In the context of a super-resourced language like English, Dvorak raises a very valid criticism here regarding how the wrong word correctly spelled is not caught by the checker. However, it seems to me that the problem would be appropriately addressed by a grammar-checker, which should spot words out of context.

This leads to the question of why we don’t have better grammar-checkers? I recall colleagues raving in the mid-90s about the then new WordPerfect Grammatik, but it didn’t impress me then (nevertheless, one article in 2005 found it was further along than Word’s grammar checker). The difference is more than semantic – grammar checkers rely on analysis of language, which is a different matter than checking character strings against dictionary entries (i.e., spell-checkers).

Although this is not my area of expertise, it seems that the real issue beneath all of the shortcomings Dvorak discusses is the applications of analysis of language in computing (human language technology). Thus some of the solutions could be related – algorithms for grammar checking could spot properly-spelled words out of place and also be used in OCR to analyze a sentence with an ambiguous word/character string. These may in turn relate to the quality of speech recognition. The problems in MT are more daunting but in some ways related. So, a question is, are the experts in each area approaching these with reference to the others, or as discrete and separate problems?

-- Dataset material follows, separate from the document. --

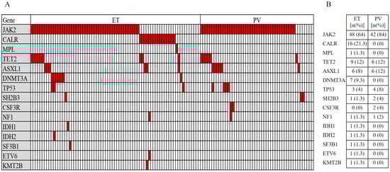 - Delic, S.; Rose, M.; Kern, W.; Nadarajah, N.; Haferlach, C.; Haferlach, T.; Meggendorfer, M. Application of an NGS-based 28-gene panel in myeloproliferative neoplasms reveals distinct mutation patterns in essential thrombocythaemia, primary myelofibrosis and polycythaemia vera. Br. J. Haematol. 2016, 175, 419–426. [Google Scholar] [CrossRef]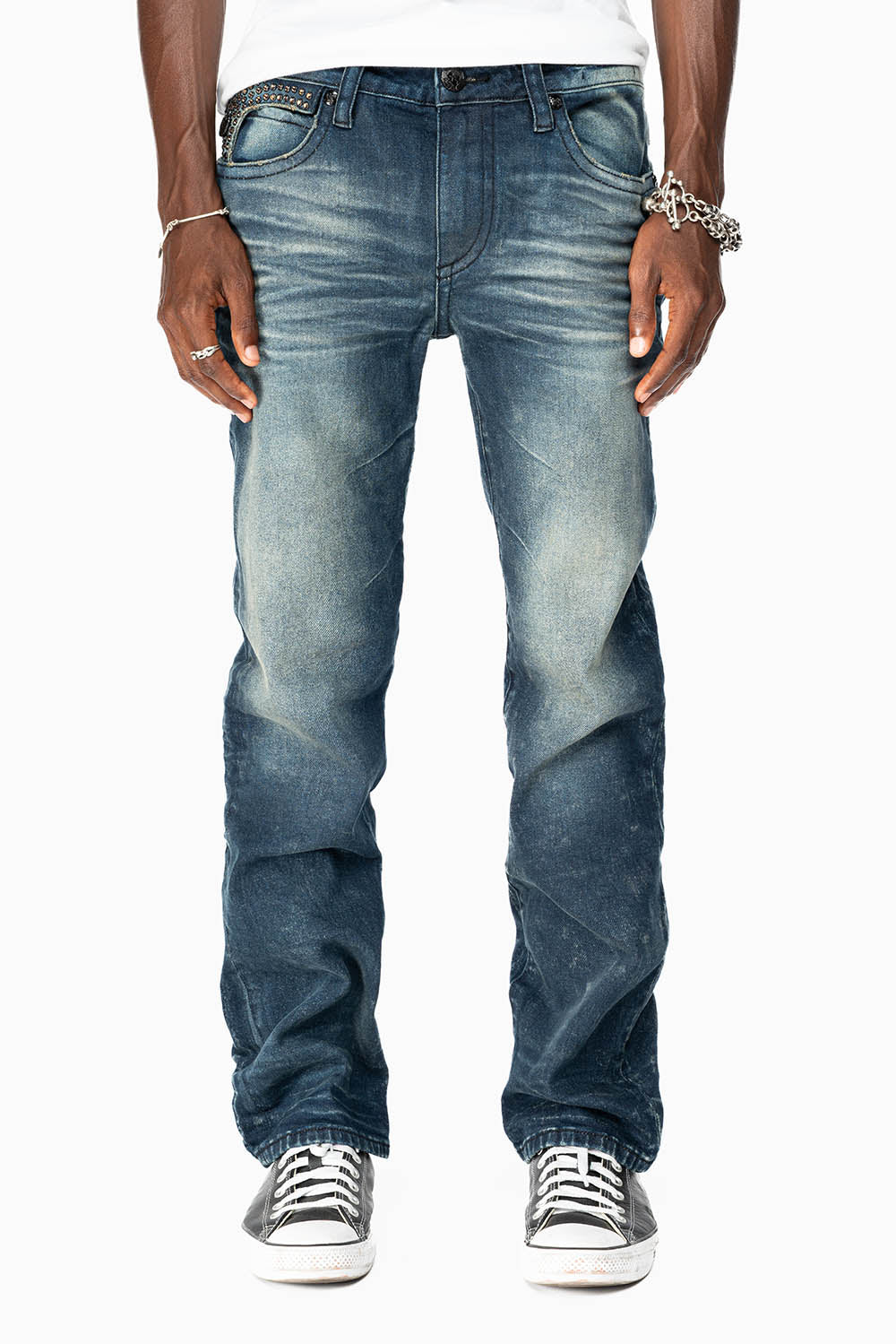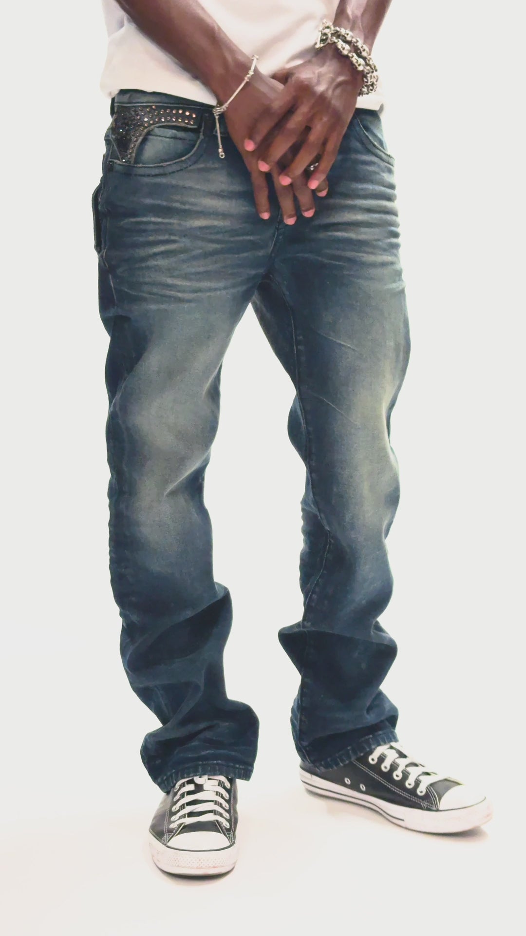 KILLER FLAP MENS STRAIGHT LEG JEANS IN ALBANY DARK FULLY EMBELLISHED WITH SMOKY TOPAZ CRYSTALS

A final thought is that this “final frontier” – what I have sometimes referred to as “cutting edge” technologies – is particularly important for speakers of less-resourced languages in multilingual societies. MT can save costs and make people laugh in the North, but it has the potential to help save languages and make various kinds of information available to people who wouldn’t have it otherwise. Speech recognition is useful in the North, but in theory could facilitate the production of a lot of material in diverse languages that might not happen otherwise (it’s a bit more complex than that, but I’ll come back to it another time). OCR adds increments to what is available in well-resourced languages, but can make a huge difference in available materials for some less-resourced languages, for which older publications are otherwise locked away in distant libraries.

So, improvement and application of these cutting edge technologies is vitally important for people / markets not even addressed by PC Magazine. I took issue with some of what Dvorak wrote in this column but ultimately his main point is spot on in ways he might not have been thinking of.